Give back the data exactly, with no images.

SOURCE MATERIAL |
=== Section Start ===

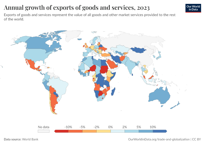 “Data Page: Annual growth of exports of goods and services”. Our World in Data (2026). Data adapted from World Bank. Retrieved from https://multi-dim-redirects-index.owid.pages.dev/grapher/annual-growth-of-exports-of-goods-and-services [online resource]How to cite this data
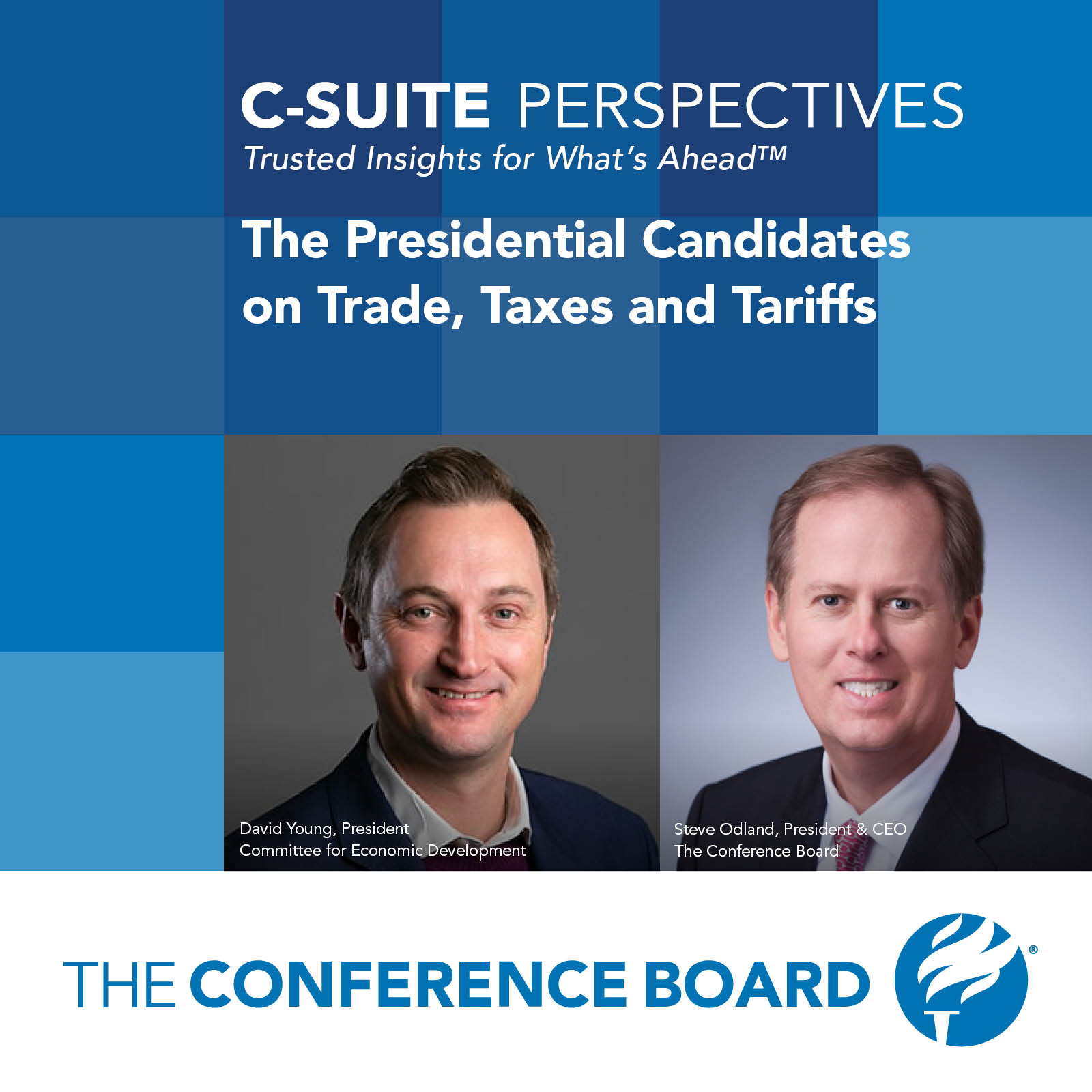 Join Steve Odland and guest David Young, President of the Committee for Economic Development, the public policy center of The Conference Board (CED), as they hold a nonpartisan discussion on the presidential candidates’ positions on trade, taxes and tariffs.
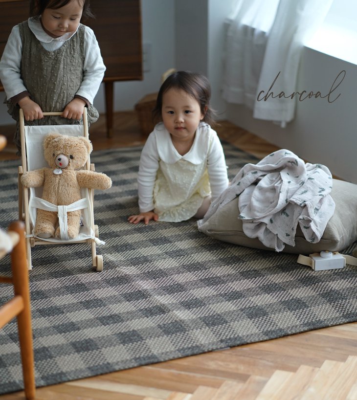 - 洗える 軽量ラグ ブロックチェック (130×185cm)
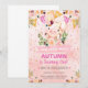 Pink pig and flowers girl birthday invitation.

=== Section End ===

RESPONSE TO THE EXERCISE |
 “Data Page: Annual growth of exports of goods and services”. Our World in Data (2026). Data adapted from World Bank. Retrieved from https://multi-dim-redirects-index.owid.pages.dev/grapher/annual-growth-of-exports-of-goods-and-services [online resource]How to cite this data
 Join Steve Odland and guest David Young, President of the Committee for Economic Development, the public policy center of The Conference Board (CED), as they hold a nonpartisan discussion on the presidential candidates’ positions on trade, taxes and tariffs.
 - 洗える 軽量ラグ ブロックチェック (130×185cm)
 Pink pig and flowers girl birthday invitation.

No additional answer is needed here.